→ WORK INSTRUCTIONS: What is the number of lines in the entries that include the word "Aster"? Respond with the number only.

Segment Start: PROVIDED DATA

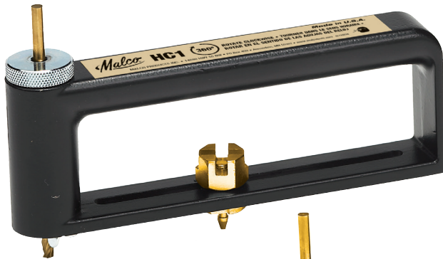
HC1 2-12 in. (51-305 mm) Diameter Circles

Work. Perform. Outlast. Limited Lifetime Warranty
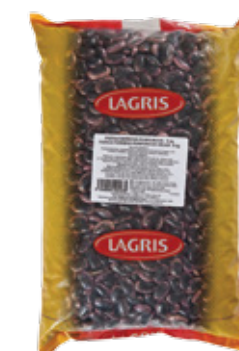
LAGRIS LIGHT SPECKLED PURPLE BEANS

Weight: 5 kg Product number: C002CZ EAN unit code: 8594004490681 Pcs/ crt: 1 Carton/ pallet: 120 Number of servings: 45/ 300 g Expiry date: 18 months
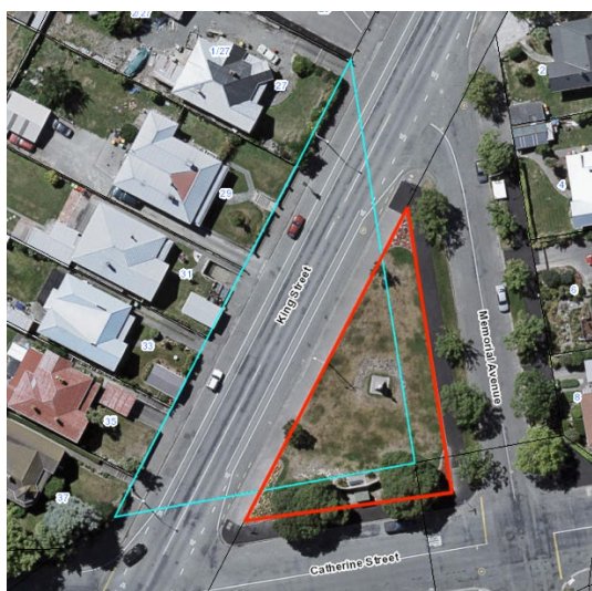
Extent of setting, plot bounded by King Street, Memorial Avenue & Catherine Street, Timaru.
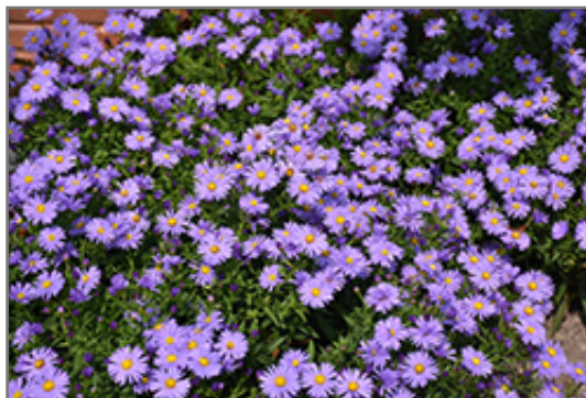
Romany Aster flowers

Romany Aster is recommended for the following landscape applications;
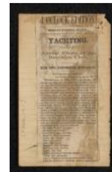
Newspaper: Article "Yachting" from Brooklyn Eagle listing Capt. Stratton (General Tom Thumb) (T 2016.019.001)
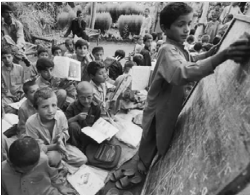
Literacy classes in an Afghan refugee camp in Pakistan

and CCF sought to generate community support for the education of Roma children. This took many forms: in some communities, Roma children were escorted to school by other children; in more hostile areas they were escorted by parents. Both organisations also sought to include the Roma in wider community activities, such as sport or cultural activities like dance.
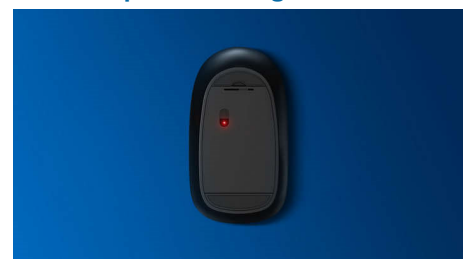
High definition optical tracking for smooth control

Segment End: PROVIDED DATA

→ TASK RESULT: 2